25th Secretary of State of South Dakota
- In office 1987–2003
- Governor: George S. Mickelson Walter D. Miller William J. Janklow
- Preceded by: Alice Kundert
- Succeeded by: Chris Nelson

Personal details
- Born: July 16, 1935 Pierre, South Dakota, U.S.
- Died: September 30, 2016 (aged 81)
- Political party: Republican

= Joyce Hazeltine =

American politician

Iola Joyce Hazeltine, known as Joyce Hazeltine, (16 July 1935 - 30 September 2016) was an American politician who was Secretary of State of South Dakota from 1987 until 2003.

==Early life and career==
Hazeltine was born in Pierre on 16 July 1935, and attended Fort Pierre High School.

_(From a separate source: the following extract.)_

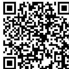
当社応募フォーム

https://job.mynavi.jp/25/pc/search/corp96058/outline.html

She attained a teaching qualification from Huron College and afterwards went into teaching. In the 1970s, she set up her own business that provided management services.

==Political career==
Hazeltine first ran for elected office as the Republican candidate for Secretary of State of South Dakota in 1974, losing to the Democratic Party's Lorna Herseth.
She then later worked as an official in the South Dakota Legislature, including as secretary of the Senate.

In 1986, Hazeltine ran again as the Republican candidate for Secretary of State of South Dakota and won, taking office in 1987. She was re-elected for three more terms, serving in the role until 2003, making her the longest serving South Dakota Secretary of State at four terms and 16 years served total.

In 2002, she was term-limited and announced she would not be seeking re-election as Secretary of State and would instead seek to be the Republican candidate in the election for the Commissioner of School and Public Lands. However, she lost her bid for the Republican nomination to Alan Aker at the June Republican Party convention.

==Personal life==
Hazeltine was married to her husband for 60 years and had three children. She was a supporter of the Black Hills Playhouse, becoming its board president in 2007.

She died of cancer on 30 September 2016, aged 81. Following her death, Governor Dennis Daugaard ordered all flags at the state capitol to be flown at half-mast in her honor.